Still Free

Yeah, Mr. Smiley. Made it through the entire Trump presidency without being enslaved. Imagine that.

Tuesday, June 14, 2005

Acting White
Back in December of last year a publication came out discussing the "Burden of Acting White" which sought to disporve the notion that blacks have some cultural bias against academic performance. I had serious issues with the paper, chief of which were that no one claimed that black culture was against academic performance, but that specific portions of the black population sees academic performance as "white" or at a minimum "not cool." It was with this in mind that I found the following article in the Washington Post entitled The Price of Acting White which contained the following:

The phenomenon is one reason some social thinkers give to help explain at least a portion of the persistent black-white achievement gap in school and in later life. Popularity-conscious young blacks, afraid of being seen as acting white, steer clear of behaviors that could pay dividends in the future, including doing well in school, Fryer said. At the same time, the desire to be popular pushes many whites to excel in the classroom, enhancing their future prospects.

Certainly that's what the data suggest is happening, Fryer said. Among white teens, Fryer and Torelli found that better grades equaled greater popularity, with straight-A students having far more same-race friends than those who were B students, who in turn had more friends than C or D students. But among blacks and especially Hispanics who attend public schools with a mix of racial and ethnic groups, that pattern was reversed: The best and brightest academically were significantly less popular than classmates of their race or ethnic group with lower grade point averages.

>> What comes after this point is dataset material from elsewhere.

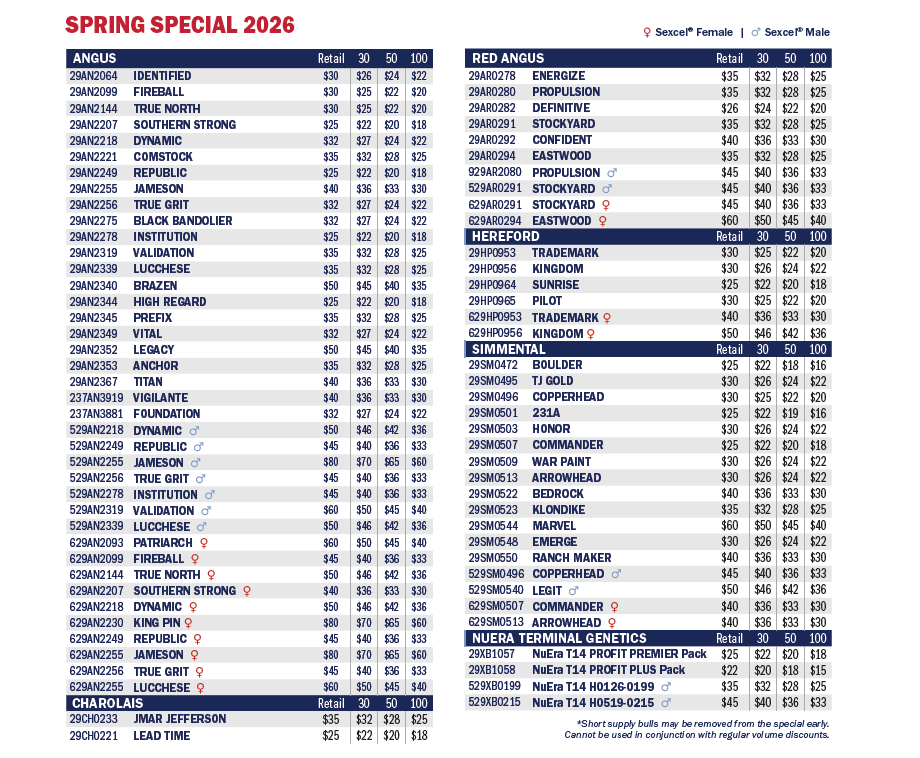 *Short supply bulls may be removed from the special early. Cannot be used in conjunction with regular volume discounts. **If payment for the Beef Deferred Program balance is not received by November 10, 2025, interest will be imposed on the unpaid balance from the due date of purchase at an APR of 15.00%. †Cash discount applies to all payments by check or electronic check received within ten days of order shipping. A 3% cash discount applies to all credit card payments as well; however, a 2.8% credit card convenience fee is added to the total cost.

"For blacks, higher achievement is associated with modestly higher popularity until a grade point average of 3.5 [a B+ average], then the slope turns negative," Fryer and Torelli wrote in a new working paper published by the National Bureau of Economic Research. A black student who's gotten all A's has, on average, 1.5 fewer same-race friends than a straight-A white student. Among Hispanics, there is little change in popularity until a student's average rises above a C+, at which point it plummets. A Hispanic student with all A's is the least popular of all Hispanic students, and has three fewer friends than a typical white student with a 4.0 grade point average...


What I find most significant was that this particular study went down the grade scale whereas the other study appeared to concentrate on relatively high achievers where as this study shows, and I argued, there is less contact with people who may hold attitudes regarding "acting white".

The article also had this very interesting line:

Why is "acting white" absent in mostly black schools?

That's easy, said Fryer, who is African American. He recalled his own experience growing up and attending predominantly black schools in Daytona Beach, Fla., and Dallas. "We didn't act white -- we didn't know what that was," he said, stressing that he prefers data to anecdote. "There were no white kids around."


So then the question becomes what is "Acting White"? If such behaviour is 'unknown" in all black schools, then are we discussing an issue of popularity which would negate the very "acting white" concept as was argued by the previous study?

I guess we are going to be in for the battle of the research.